Work task:
A faithful, complete copy of the entries below is required, with images removed.
# # # # # # #
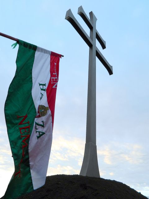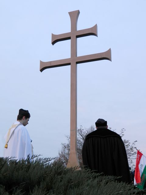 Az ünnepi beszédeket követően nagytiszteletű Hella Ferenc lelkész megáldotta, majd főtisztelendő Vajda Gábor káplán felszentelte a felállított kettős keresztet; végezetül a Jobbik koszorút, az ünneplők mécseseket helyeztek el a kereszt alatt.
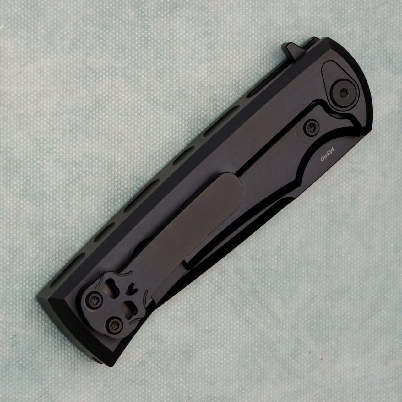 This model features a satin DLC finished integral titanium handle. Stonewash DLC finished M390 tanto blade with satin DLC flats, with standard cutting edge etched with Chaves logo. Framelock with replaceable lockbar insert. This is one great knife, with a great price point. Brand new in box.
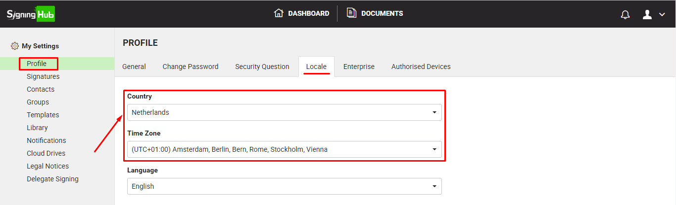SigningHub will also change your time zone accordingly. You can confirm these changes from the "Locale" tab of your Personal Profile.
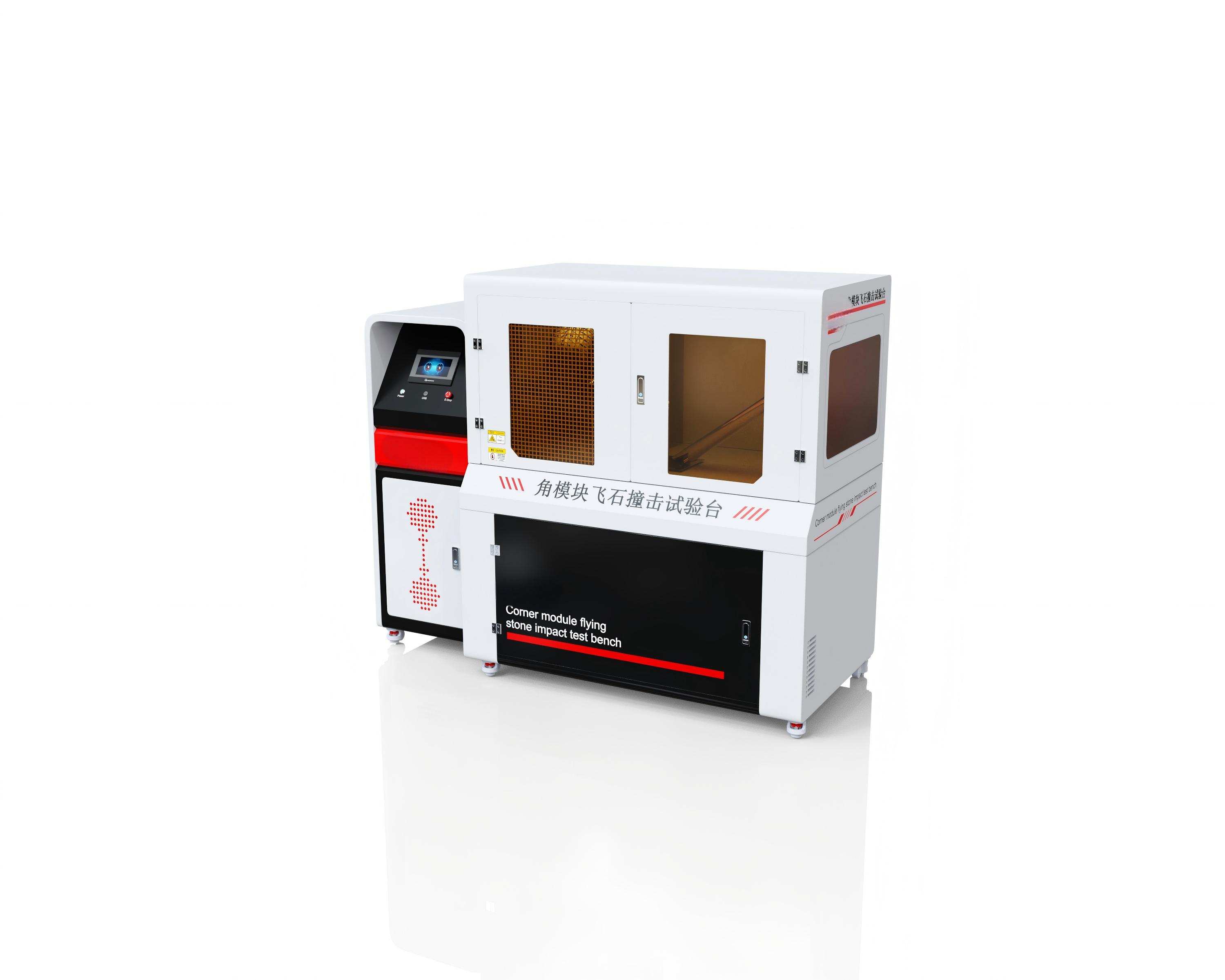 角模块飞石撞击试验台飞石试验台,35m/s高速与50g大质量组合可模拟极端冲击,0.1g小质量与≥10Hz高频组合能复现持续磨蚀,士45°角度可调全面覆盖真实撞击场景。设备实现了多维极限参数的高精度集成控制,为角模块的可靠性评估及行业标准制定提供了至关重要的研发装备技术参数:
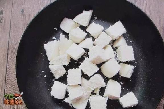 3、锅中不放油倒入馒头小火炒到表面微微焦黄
# # # # # # #
Answer for this exercise:
 Az ünnepi beszédeket követően nagytiszteletű Hella Ferenc lelkész megáldotta, majd főtisztelendő Vajda Gábor káplán felszentelte a felállított kettős keresztet; végezetül a Jobbik koszorút, az ünneplők mécseseket helyeztek el a kereszt alatt.
 This model features a satin DLC finished integral titanium handle. Stonewash DLC finished M390 tanto blade with satin DLC flats, with standard cutting edge etched with Chaves logo. Framelock with replaceable lockbar insert. This is one great knife, with a great price point. Brand new in box.
SigningHub will also change your time zone accordingly. You can confirm these changes from the "Locale" tab of your Personal Profile.
 角模块飞石撞击试验台飞石试验台,35m/s高速与50g大质量组合可模拟极端冲击,0.1g小质量与≥10Hz高频组合能复现持续磨蚀,士45°角度可调全面覆盖真实撞击场景。设备实现了多维极限参数的高精度集成控制,为角模块的可靠性评估及行业标准制定提供了至关重要的研发装备技术参数:
 3、锅中不放油倒入馒头小火炒到表面微微焦黄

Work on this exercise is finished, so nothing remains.